Given a data frame df with just one variable v4 with four observations, I can manually mutate the three variables I want (see below). But how can I generalize the problem? For example, if the data frame has 10 rows, the number of columns will be 9.
library(dplyr)
# Toy Data
df <- tibble(v4 = c(20, 10, 8, 0))
df
#> # A tibble: 4 × 1
#> v4
#> <dbl>
#> 1 20
#> 2 10
#> 3 8
#> 4 0
# Constants
u <- .6
d <- .4
r <- 1.1
# df_wanted, done manually
df_wanted <- df %>%
mutate(v3 = (u * lag(v4) + d * v4 )/ r,
v2 = (u * lag(v3) + d * v3)/ r,
v1 = (u * lag(v2) + d * v2 )/ r)
df_wanted
#> # A tibble: 4 × 4
#> v4 v3 v2 v1
#> <dbl> <dbl> <dbl> <dbl>
#> 1 20 NA NA NA
#> 2 10 14.5 NA NA
#> 3 8 8.36 11.0 NA
#> 4 0 4.36 6.15 8.22
Below is one way to accomplish this by initially constructing an "empty" data frame with n rows and n columns (n-1 columns added) and then walking through each column using the formula provided.
library(tidyverse)
# Constants
u <- .6
d <- .4
r <- 1.1
# generate n values
n = 6
# first column (sample data)
col1 = data.frame(X0 = seq(100 * n, 100, -100))
# additional n-1 columns
added_columns = data.frame(matrix(nrow = n, ncol = (n - 1)))

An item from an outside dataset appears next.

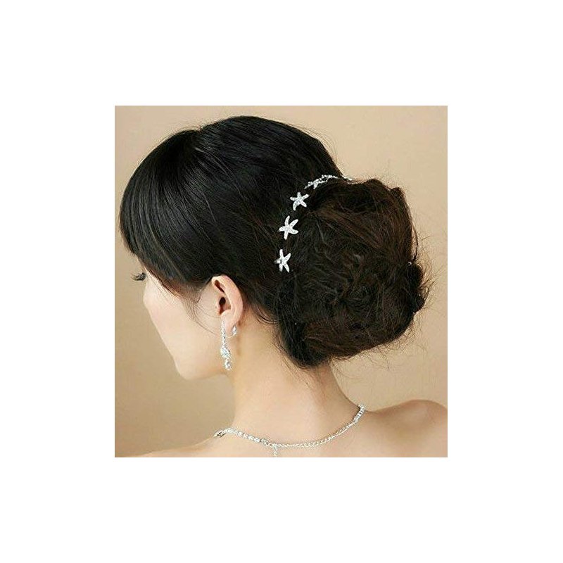Set of 6 Gold Silver Sea Star Rhinestone Crystal Hair Pins Starfish (Silver)

# combine into "empty" data frame
df = bind_cols(col1, added_columns)
df
#> X0 X1 X2 X3 X4 X5
#> 1 600 NA NA NA NA NA
#> 2 500 NA NA NA NA NA
#> 3 400 NA NA NA NA NA
#> 4 300 NA NA NA NA NA
#> 5 200 NA NA NA NA NA
#> 6 100 NA NA NA NA NA
# function to walk through
calc_column = function(i) {
df[,i] <<- (u * lag(df[,i-1]) + d * df[,i-1])/r
}
# walk through columns of df (starting at column 2)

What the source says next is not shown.